## Task brief
Everything from the line containing "16. 小明在市场购买成熟的" to the last line of the material below must be retyped exactly, both ends included; skip the pictures.

======== Supplied information ========

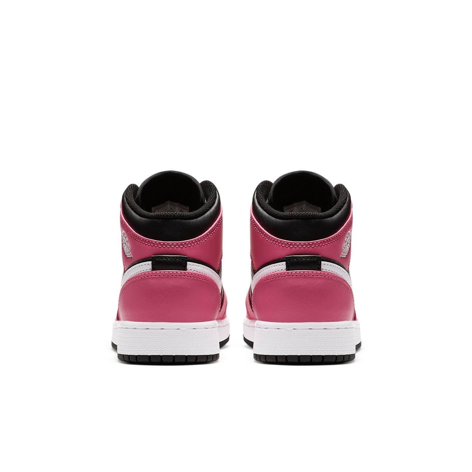 Nike Air Jordan 1 Mid GS Pinksicle This mid-top Air Jordan 1 comes dressed in a black, white and pinksicle color combination. Highlighted with black leather across the base while pink is applied to the overlays.
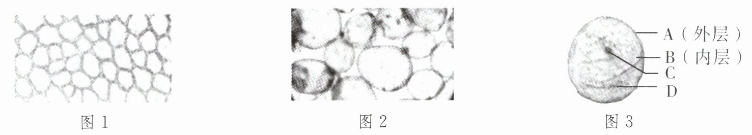 16. 小明在市场购买成熟的红番茄,用显微镜观察番茄果皮细胞(图1)和果肉细胞(图2、图3)并拍摄了显微图像。请据图回答下列问题。
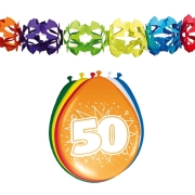 Verjaardag feest 50 jaar geworden versieringen basic pakket bestaande uit ballonnen en feestslingers. In deze feest decoraties set: 2x gekleurde feestslingers van papier van 6 meter en 24x stuks…

========

## Answer to this task
 16. 小明在市场购买成熟的红番茄,用显微镜观察番茄果皮细胞(图1)和果肉细胞(图2、图3)并拍摄了显微图像。请据图回答下列问题。
 Verjaardag feest 50 jaar geworden versieringen basic pakket bestaande uit ballonnen en feestslingers. In deze feest decoraties set: 2x gekleurde feestslingers van papier van 6 meter en 24x stuks…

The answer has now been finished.